Now, $S_p$ write in terms of $\, _2F_2(.)$ hypergeometric functions and probably this is the difficulty from a numerical point of view. The terms are extremely oscillating from the beginning (they are negative for odd values of $p$ and positive for even values of $p$). For the first ones $$\left( \begin{array}{cc} p & S_p \\ 0 & +3.05072\times 10^{25} \\ 1 & -5.01200\times 10^{27} \\ 2 & +4.13536\times 10^{29} \\ 3 & -2.28392\times 10^{31} \\ 4 & +9.49546\times 10^{32} \\ 5 & -3.16900\times 10^{34} \\ 6 & +8.84121\times 10^{35} \\ 7 & -2.12041\times 10^{37} \\ 8 & +4.46180\times 10^{38} \\ 9 & -8.36644\times 10^{39} \\ 10 & +1.41526\times 10^{41} \end{array} \right)$$
Continuing with even values of $p$, we shall notice that they start to decrease $$\left( \begin{array}{cc} 10 & 1.41526\times 10^{41} \\ 20 & 4.48410\times 10^{51} \\ 30 & 9.94112\times 10^{59} \\ 40 & 8.48485\times 10^{66} \\ 50 & 6.33071\times 10^{72} \\ 60 & 6.71603\times 10^{77} \\ 70 & 1.39937\times 10^{82} \\ 80 & 7.21169\times 10^{85} \\ 90 & 1.09282\times 10^{89} \\ 100 & 5.57116\times 10^{91} \\ 110 & 1.06427\times 10^{94} \\ 120 & 8.32196\times 10^{95} \\ 130 & 2.86727\times 10^{97} \\ 140 & 4.63325\times 10^{98} \\ 150 & 3.70455\times 10^{99} \\ 160 & 1.53530\times 10^{100} \\ 170 & 3.43503\times 10^{100} \\ 180 & 4.30083\times 10^{100} \\ 190 & 3.11128\times 10^{100} \\ 200 & 1.33820\times 10^{100} \\ 300 & 1.19093\times 10^{86} \\ 400 & 2.52084\times 10^{57} \\ 500 & 6.78163\times 10^{17} \\ 600 & 0.89000 \end{array} \right)$$
To explain that,we need, for your numbers, to compute $p$ such that $$Q_{p+1}=\frac{\left(\frac{2000}{11}\right)^{p+21}}{20! (p+21) (p+22) (p+1)!} \leq \epsilon$$
The $Q_{p+1}$ term goes through a maximum at $p=179.5$ (have a look at the table !) and for this value $Q_{p+1}=8.61902\times 10^{100}$.

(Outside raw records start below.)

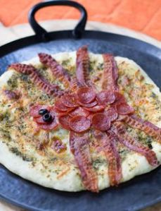 The spider consists of pepperoni and bacon. Also, contains olive eyes.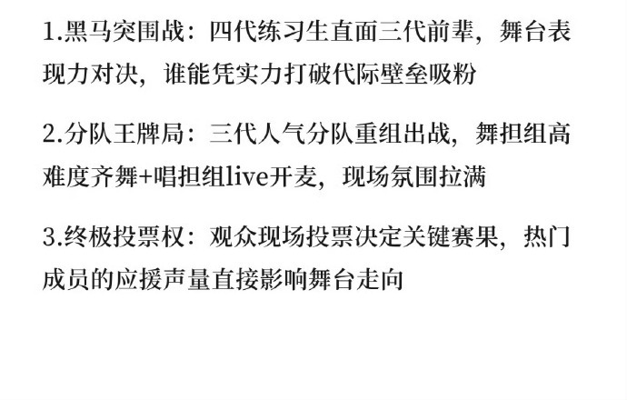 TF家族荣耀之战:三代TOP出道组、三代TFING及四代练习生将参与集体打歌、Vocal/Rap/Dance专项PK及跨代组队对抗,赛果将影响三代重组与四代出道名额。 TF荣耀之战 TF荣耀之战将集体打歌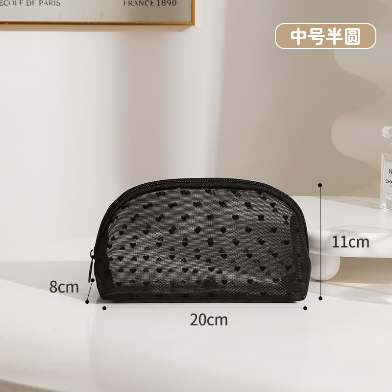 새로운 2025 사랑 잠금 파우더 메쉬 메이크업 가방 소녀의 심장 휴대용 세척 대용량 통기성 립스틱 무역
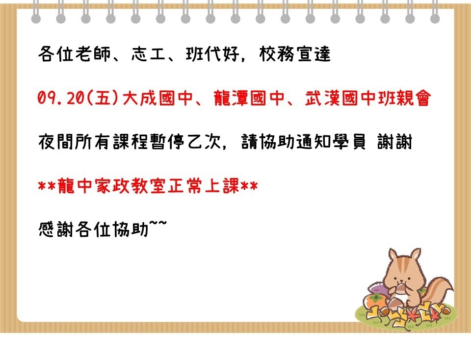 2019/9/199/20(五)部分班級停課公告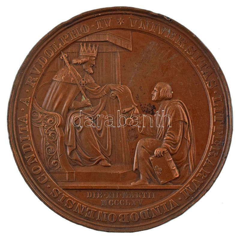 Ausztria 1865. "Bécsi Egyetem 500. évfordulója" bronz, vert, kétoldalú emlékérem "VNIVERSITAS LITTERARVM VINDOBONENSIS CONDITA A RVDOLPHO IV / IN MEMORIAM SECVLI V FRANCISCO IOSEPHO I IMPERATORE". Szign.: Carl Radnitzky (79mm) T:AU,XF ph. / Austria 1865. "500th Anniversary of Vienna University" bronze, struck, double-sided commemorative medal Sign.: Carl Radnitzky (79mm) T:AU,XF edge error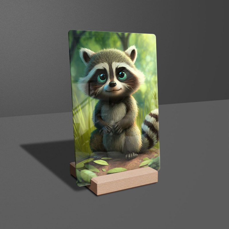 Na produktovém fotu vyobrazena nejoblíbenější varianta akrylového skla 14x21/21x14cm a dřevěný stojánek 10x10cm.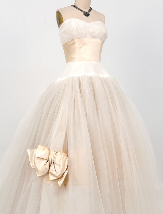 1950s Glamorous Tulle and Satin Wedding Gown / Waist 24.5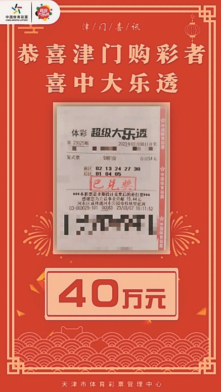 生活报讯 (传和) 3月11日,大乐透第23026期全国开出90注二等奖,单注奖金19.9万元。其中2注二等奖喜落天津,且出自同一张彩票。因为这张中奖彩票是一张复式多期投注票,所以除了斩获2注二等奖之外,还收获了1注三等奖,中奖金额合计40万元。
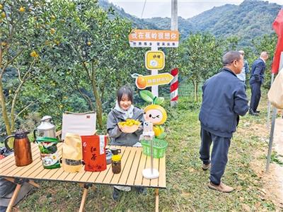 主播在金桔果园直播带货。(杨乔颖 摄)

For $\epsilon=10^{-20}$,we need $p=581$ (even for $\epsilon=10^{-2}$, $p=544$).
A crude estimate of $p$ is given by $$p=-\frac{\log (\epsilon )}{W\left(-\frac{11 }{2000 e}\log (\epsilon )\right)}$$ where $W(.)$ is Lambert function.
For the most general case and a better approximation, taking logarithms and using Stirling approximation for the very first term, we end with the equation $$\color{blue}{p \log (ex)- \left( p+\frac32\right) \log (p)=K} \qquad\text{where} \quad \color{blue}{K=\log \left(\frac{\sqrt{{\pi }} \,\epsilon \, x^{-(k+1)}\, \Gamma (k)}{\alpha \,\sqrt 2}\right)}$$ Since $p$ is large, we could approximate the equation by $$\color{blue}{\left(p+\frac{3}{2}\right) \log (e x)-\left(p+\frac{3}{2}\right) \log \left(p+\frac{3}{2}\right)=K}$$ for which the solution is given in terms of Lambert function $$\color{blue}{p=-\frac{K}{W\left(-\frac{K}{e x}\right)}-\frac 32}$$ Applied to the working case, this gives $p=599$ for $\epsilon=10^{-20}$.
I think that all is explained.
Edit
Considering the general term $$a_n=\frac {x^{(k+n)}}{\,n!\,(k+n)\,((k+n)\alpha+2)}$$ and using logarithmic differentiation we have $\frac{\partial a_n}{\partial n}=0$ if $$-2 \alpha (k+n)-(k+n) \psi (n+1) (\alpha (k+n)+2)+(k+n) \log (x) (\alpha (k+n)+2)-2=0$$ Assuming that $n$ is large, the expansion of the above quantity is $$\alpha \log \left(\frac{x}{n}\right)n^2 + \left(2 (\alpha k+1) \log \left(\frac{x}{n}\right)-\frac{5 \alpha }{2}\right)n+\cdots$$ So $a_n$ is maximized for $n \sim x$.
Using your numbers, a rigorous maximization of $a_n$ shows that it happens at $n=179.5$ (remember that $x=\frac{2000}{11}=181.8$) for which $a_n=5.24\times 10^{117}$.